I did the pitmaster's blend with layered corn cobb.  Bought the corn cobb at Tractor supply.  No where else carried it.  

It is really good.  Last time I did an apple / cherry mix.  I thought it was OK, but I prefer the pitmaster blend from Todd because it has maple, hickory, and cherry in it.  Again, layered with some corn cobb.  It really adds something to the flavor.  I don't think it would be as good without it.


----------



## smokewood (Dec 20, 2015)

I have been using Apple which I love, thinking of adding some Hickory to it, what ratio do you suggest?  As I have 3 pork loins ready for the smoker tomorrow.


----------



## foamheart (Dec 20, 2015)

Corn cob and apple


----------



## mowin (Dec 20, 2015)

Hickory is my pick for bacon, and pretty much everything I smoke..


----------



## remsr (Dec 20, 2015)

The wood I choose depends on the smoker I am using and the product I intend to smoke.
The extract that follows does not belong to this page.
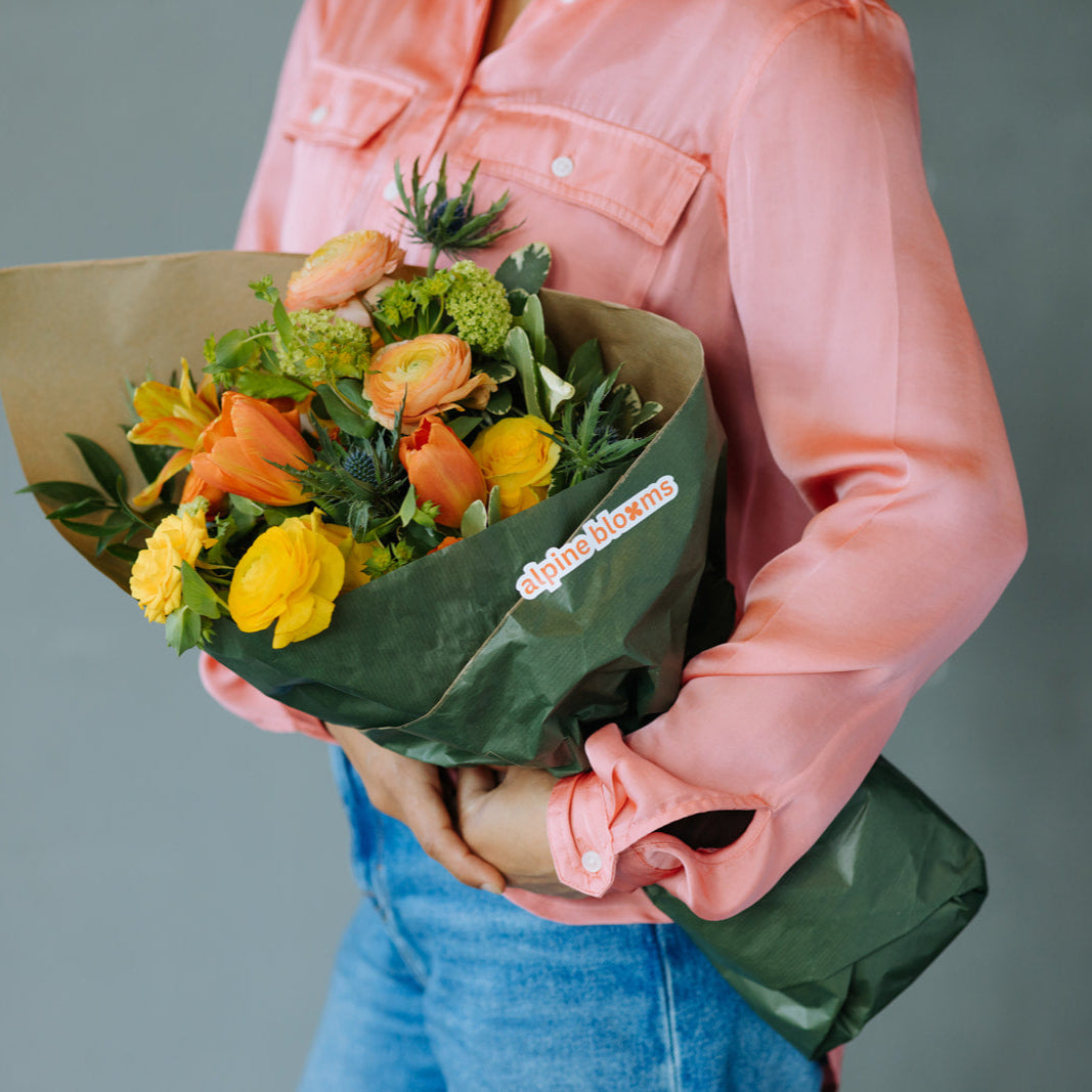 Lush seasonal blooms delivered without a vase in a Kraft paper wrap.

Red oak for brisket regardless of the smoker I use which is always the WSM. Pecan and apple for ribs on the WSM because hickory is to smoky but just right on the Masterbuilt electric, or any gas smoker. I like mesquite for chicken in the Masterbuilt electric which I transfer to the Holand grill when it's done to crisp the skin as you know the Holand cooks at around 400 degrees by time, it has no adjustment controls. The smoker I use for butts is always the WSM for smoke until the inturnal temp is at 160 then I transfer it to the Masterbuilt for regulated heat that I can set and forget. The woods I choose depends on what I inject and rub the butts with, cherry, orange,peach, apple usually fruit woods. Sometimes sugar maple and hickory.


----------



## daveomak (Dec 20, 2015)

You've definitely got this smoking stuff figured out....    OK...... we will need pictures of the smoker making smoke and later, some grub in it...   

Dave


----------



## remsr (Dec 20, 2015)

While visiting in Vermont I tried some corn cob smoked meats that were fantastic. Thanks for reminding me. Next time I go up north I'll bring back a bunch. They burn them for fule to heat their homes up there.


----------



## remsr (Dec 20, 2015)

I do all my posting from my iPhone all the pictures are taken on my phone as well but I do not know how to post a string of pictures with discriptions?????


----------



## harley10 (Dec 26, 2015)

I prefer the pitmaster blend from Todd, But I might try some corn cob next time.

Dave,


----------